En la actualidad afirman algunas estadísticas emitidas por organizaciones relacionadas con la salud que, al menos, 1 de cada 20 personas en el mundo padece depresión en estos momentos de su vida, o lo que es lo mismo, el 5% del total de la población. Y a decir verdad, viendo el panorama general, diría que esa medición global se me antoja incluso corta a tenor de las conductas que adoptamos buena parte de nosotros en nuestro día a día, fruto del malestar generalizado en el que andamos instaurados desde hace ya demasiado tiempo.
Más allá de los propios números está la parte empírica del asunto, esa que se termina viviendo cuando uno se ve sometido, por los motivos que sean, a una enfermedad mental de este tipo.
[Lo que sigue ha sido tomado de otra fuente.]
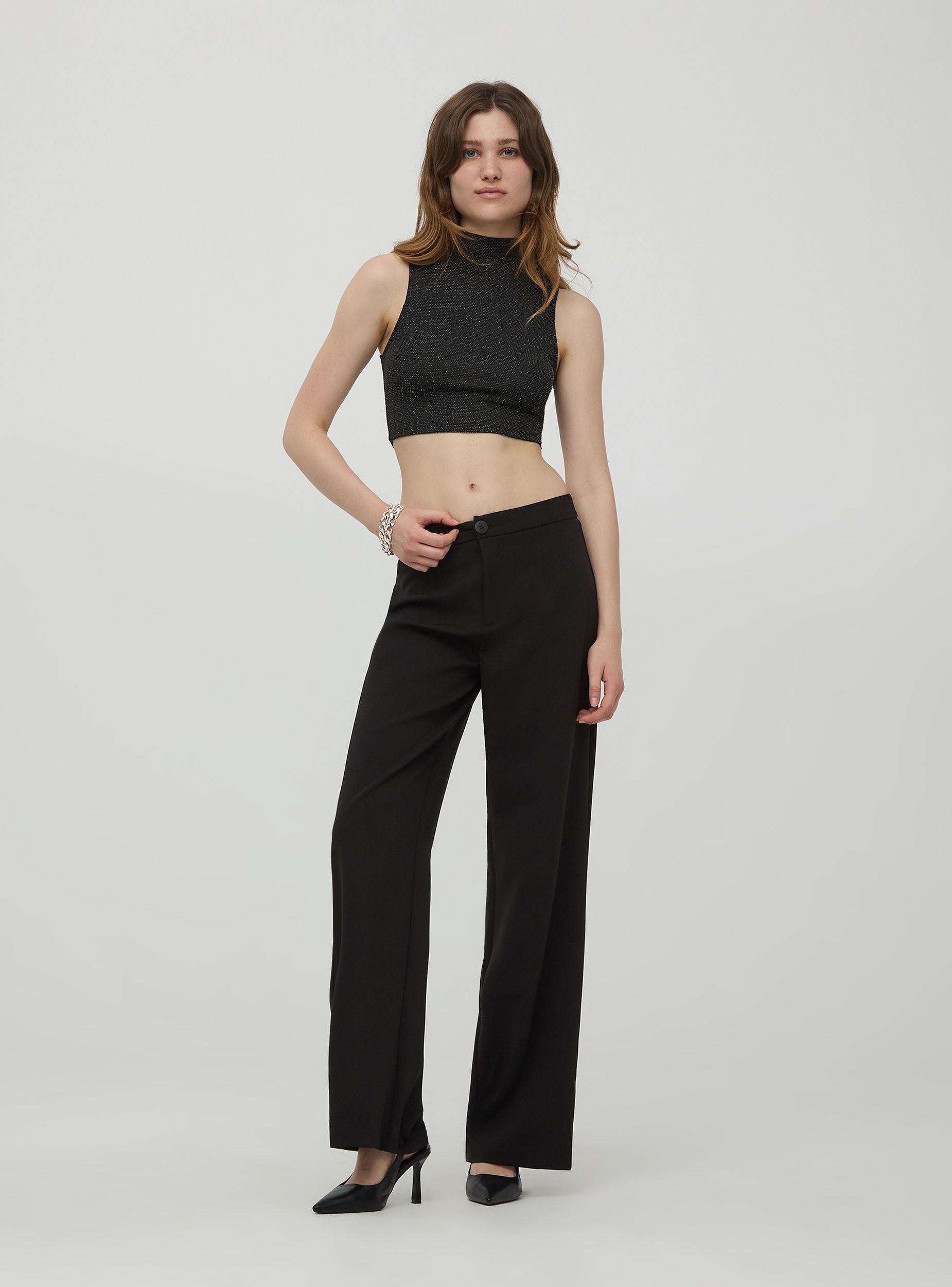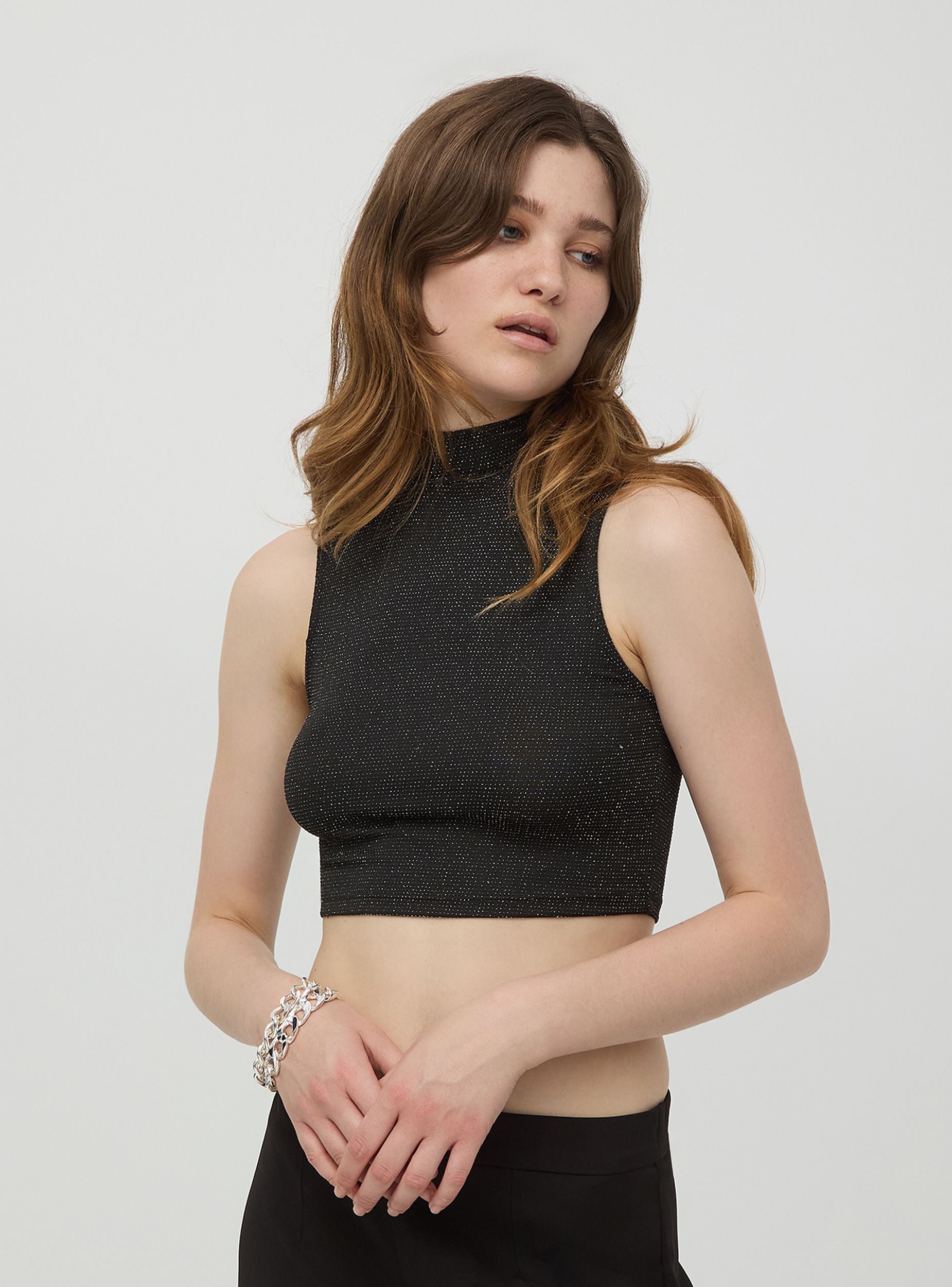 Top crop luccicante da donna senza maniche con collo alto. La lunghezza crop conferisce un aspetto trendy e moderno al look. Il tessuto luccicante aggiunge un tocco di lucentezza e glamour, rendendolo perfetto per occasioni speciali o serate fuori. Il design aderente mette in risalto la silhouette. Questo topèideale da abbinare a pantaloni a vita alta o gonne per un look chic e sofisticato.Dettagli
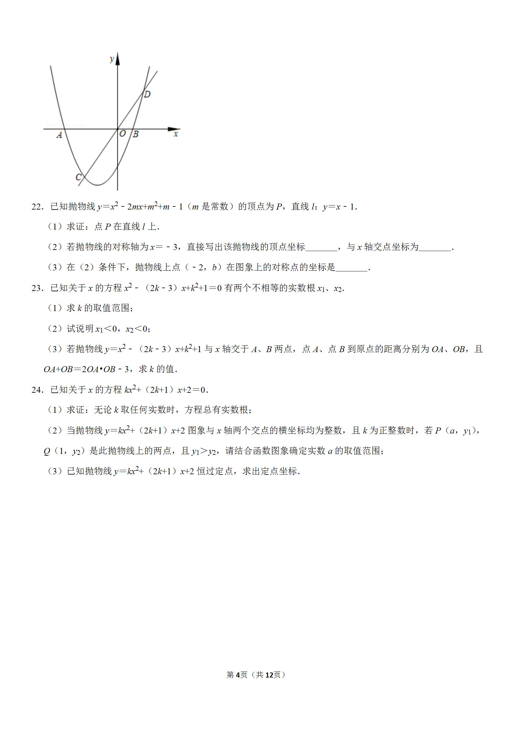 武资网2023届九上数学周练(四)二次函数的图像与性质(word版含答案)
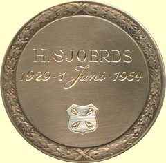 Op naam van H. Sjoerds, 25 jarig dienstverband. Zilver 50 mm., Polak —. Prachtig. € 200,00 |
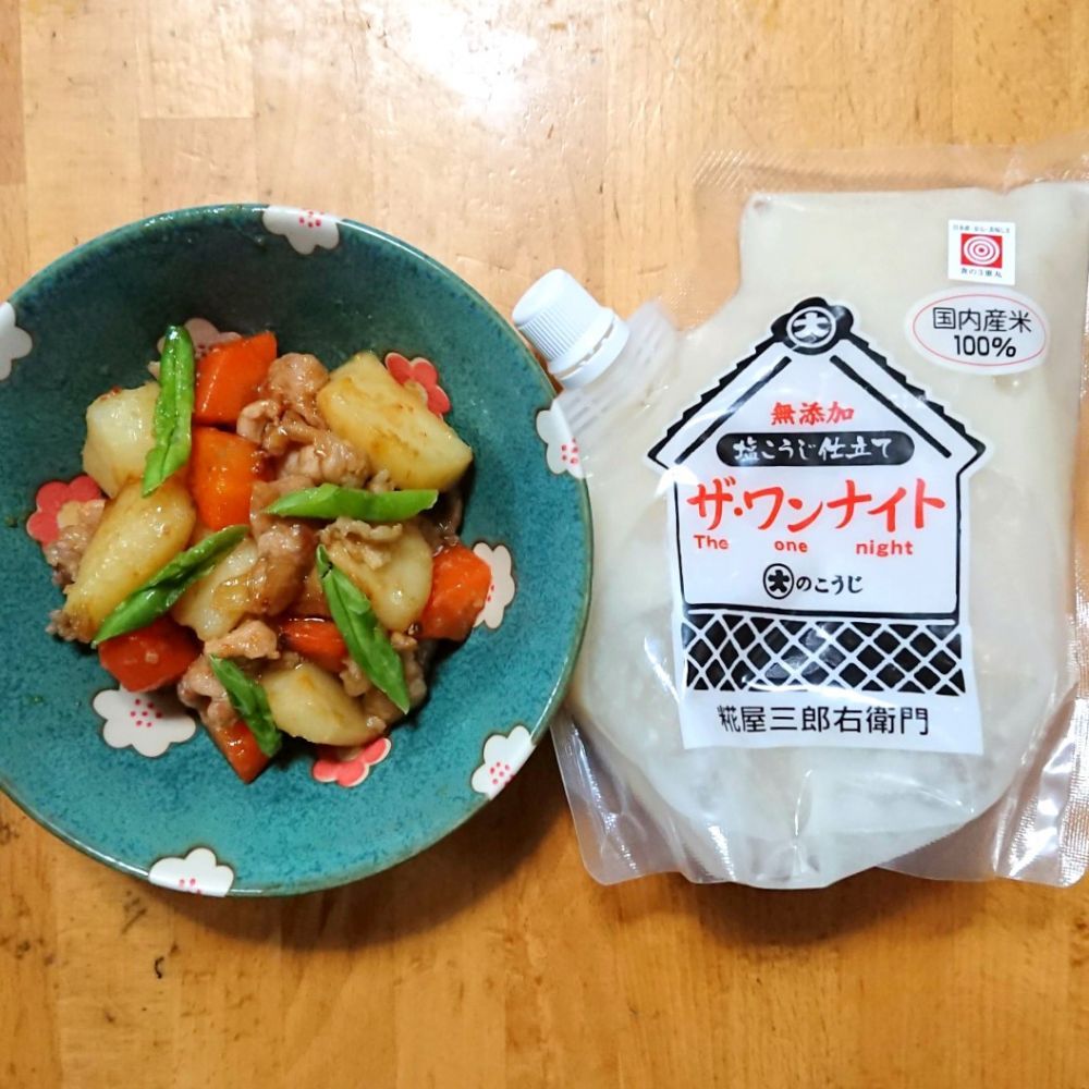 普段は液体タイプの塩こうじを使っていましたがこのザ・ワンナイトはとろっとした塩こうじでよく絡みいつものよりコクを感じました。

Porque, más allá del cuadro clínico que se pueda presentar en según qué momentos, quizás el peor trago reside en el estigma social producido por la realidad cotidiana que nos rodea y las consecuencias, en ocasiones irreparables, que terminan por pasarnos una dura factura tras un largo deambular mental y espiritual.
Nadie o casi nadie, en prácticamente ninguna situación, solemos atisbar la lucha interna que buena parte de las personas con las que compartimos nuestra cotidianidad, batallan de manera continuada en lo más hondo de su ser. Ese desasosiego interior que por momentos se transforma en una verdadera contienda de gigantes imaginarios que arrasa allá por donde pasa, dejando un profundo hastío dentro de un infinito mar de soledad.
Un ahogo continuo que, de manera casi automatizada, enmascaramos tras un rostro que para nada refleja nuestra realidad interior. Sobre esto último vi no hace mucho tiempo una publicación en una famosa red social, donde se podía ver a una reluciente manzana delante de un espejo. Este último le devolvía la misma imagen al verde fruto. Sin embargo, desde una vista ampliada se mostraba claramente como esa misma manzana lustrosa, por una de sus partes, estaba literalmente podrida en la zona posterior.
Esta paradoja visual nos deja claro que no es ”oro todo lo que reluce” y que en ocasiones la imagen que tenemos de esta o aquella persona, por el simple hecho de verla actuar de manera desinhibida, puede ser simplemente una careta a medida que esta última emplea cuando está en público. Otra cosa bien distinta es su vida y forma de proceder cuando nadie mira.
De ahí que, de vez en cuando, escuchemos que fulano o mengano se ha suicidado y que sus seres queridos, amigos y conocidos no den crédito a la noticia…”Si parecía una persona normal… No tenía problemas de dinero… Estaba felizmente casado”, etc. Quizás todo eso era cierto, pero en su fuero interno había algo podrido, como en la historia de la manzana. Un algo, por otro lado, que nadie o casi nadie detectó a tiempo y que, ahora, ya es demasiado tarde para poder intentar ayudarlo o simplemente comprender el porqué de esa situación que lo llevó a ese trágico e inesperado final.
Es por ello que deberíamos de aprender a dejar de juzgar al que tenemos en frente. Ponernos en su pellejo cuando el viento no sopla a su favor y en definitiva no hacer leña del árbol caído. Entre otras cosas, porque en algún momento, por más que nos creamos intocables, podemos terminar siendo árbol, incluso leña que posteriormente termine ardiendo en la hoguera de la eternidad sin que nada ni nadie la eche en falta.
La vida, por suerte y en ocasiones por pura desgracia, da muchas vueltas, al punto de que podemos llegar a marearnos y perder totalmente el rumbo. Porque por mucho que creamos poder moldear nuestro destino en función de según qué conductas adoptemos, esta idea equivocada suele desbaratarse antes o después con el correspondiente baño de realidad. Incluso, llegado el caso, las caídas terminan siendo repetitivas, aunque no alcancemos a encontrar un porqué coherente.
Entonces, cuando esa lucha invisible de gigantes liquida todo aquello que dábamos por sentado, probablemente solo querremos una cosa en este mundo; la comprensión de aquellos que suelen estar a nuestro lado y sobre los que siempre tuvimos la creencia de que serían un punto seguro al que agarrarnos fuerte para evitar hundirnos en el lodazal existencial. Es probable que en primera instancia muchos de ellos no se percaten de nuestra batalla espiritual, por eso es importante que no terminemos como la manzana, reluciendo ante ellos cuando todo se derrumba en la trastienda vital que nadie ve.
Quizás así podamos detener ese conflicto interno y que todo vuelva a ese equilibrio tan deseado y en ocasiones tan sumamente frágil. No es fácil, pero tampoco imposible. Las guerras nunca se ganaron en dos días, pero las penas y los males no suelen durar 100 años. Debemos mostrarnos cómo somos realmente en todo momento y solo así podremos encontrar la tabla salvavidas que tantas veces hemos buscado en este infinito océano de indiferencia y soledad.